The output of this module is given by

fake_quant_x = clamp(floor(x / scale + 0.5), quant_min, quant_max) * scale # noqa

  • scale defines the scale factor used for quantization.

  • zero_point specifies the quantized value to which 0 in floating point maps to

  • quant_min specifies the minimum allowable quantized value.

  • quant_max specifies the maximum allowable quantized value.

  • fake_quant_enabled controls the application of fake quantization on tensors, note that statistics can still be updated.

  • observer_enabled controls statistics collection on tensors

  • dtype specifies the quantized dtype that is being emulated with fake-quantization, the allowable values is qint8 and qint16. The values of quant_min and quant_max should be chosen to be consistent with the dtype

参数
  • observer – Module for observing statistics on input tensors and calculating scale and zero-point.

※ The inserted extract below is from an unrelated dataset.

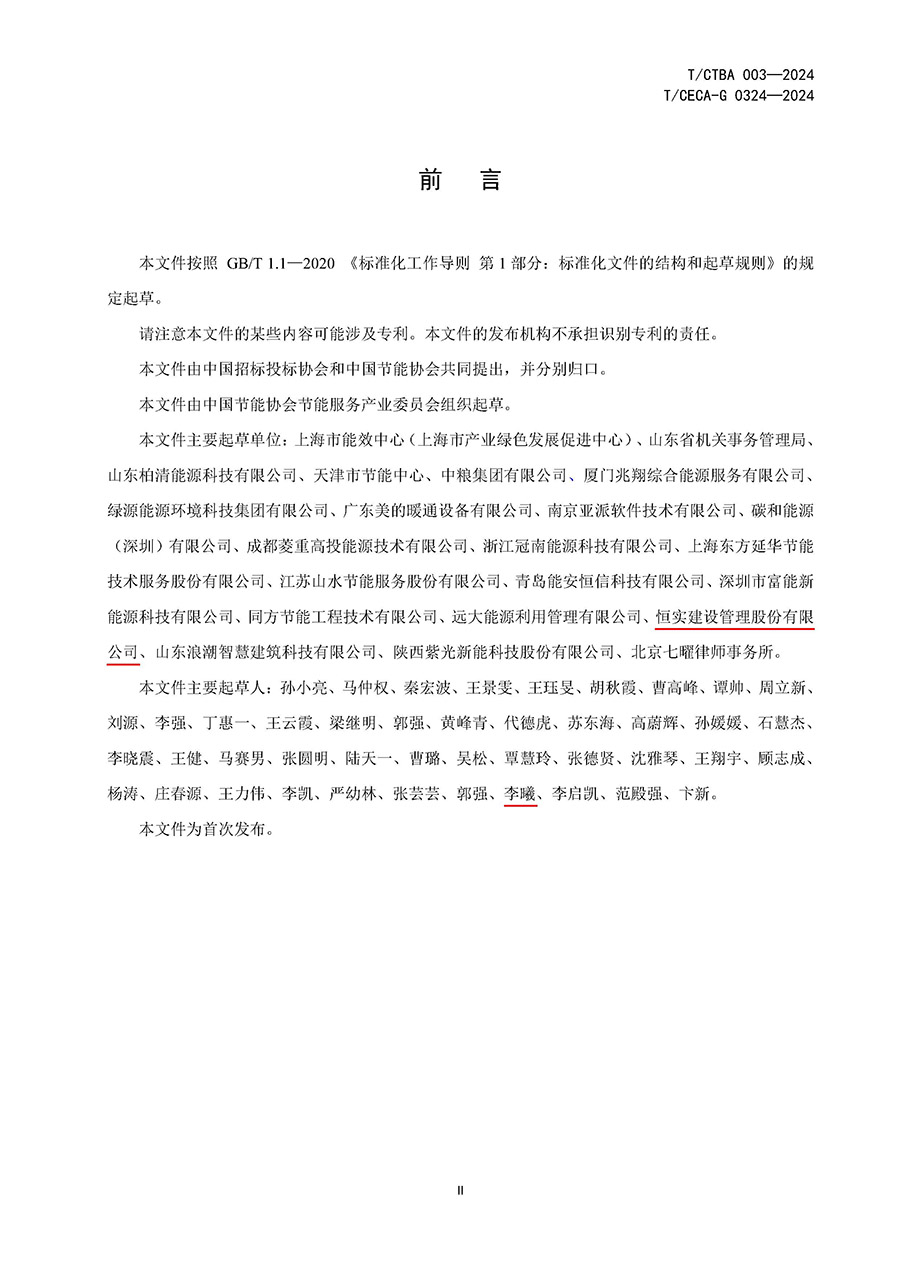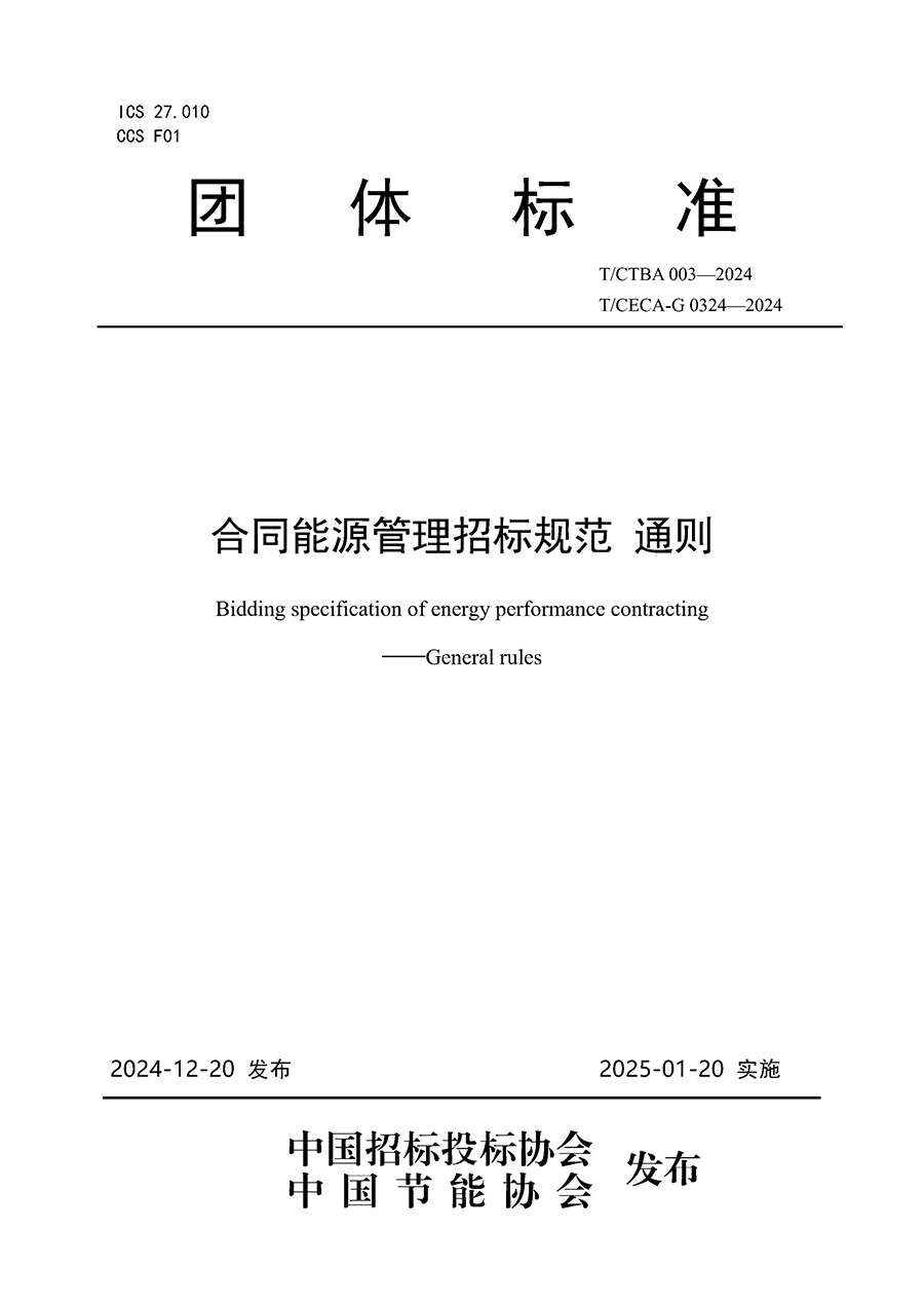 2024年12月20日,由中国招标投标协会、中国节能协会共同归口,中国节能协会节能服务产业委员会组织起草,由米兰官方网站作为主要起草单位参与的T/CECA-G 0324—2024《合同能源管理招标规范 通则》团体标准正式发布,自2025年1月20日起生效施行。

  • saturate – Whether zero out the grad for value out of quanti range.

  • in_place – Whether use in place fake quantize.

  • compat_mask – Whether pack the bool mask into bitfield when saturate = True.

  • channel_len – Size of data at channel dim.

  • fast_training – Whether use fast training mode. If True, computing scale and fake quantization will be done in one step.

  • observer_kwargs – Arguments for the observer module

observer

User provided module that collects statistics on the input tensor and provides a method to calculate scale and zero-point.

extra_repr()

Set the extra representation of the module

To print customized extra information, you should re-implement this method in your own modules. Both single-line and multi-line strings are acceptable.

forward(x)

Defines the computation performed at every call.

Should be overridden by all subclasses.

注解

Although the recipe for forward pass needs to be defined within this function, one should call the Module instance afterwards instead of this since the former takes care of running the registered hooks while the latter silently ignores them.

set_qparams(scale: Union[torch.Tensor, Sequence, float], zero_point: Optional[Union[torch.Tensor, Sequence, int]] = None)

Set qparams, default symmetric.

classmethod with_args(**kwargs)

Wrapper that allows creation of class factories.

This can be useful when there is a need to create classes with the same constructor arguments, but different instances. Can be used in conjunction with _callable_args

Example:

>>> # xdoctest: +SKIP("Undefined vars")
>>> Foo.with_args = classmethod(_with_args)
>>> foo_builder = Foo.with_args(a=3, b=4).with_args(answer=42)
>>> foo_instance1 = foo_builder()
>>> foo_instance2 = foo_builder()
>>> id(foo_instance1) == id(foo_instance2)
False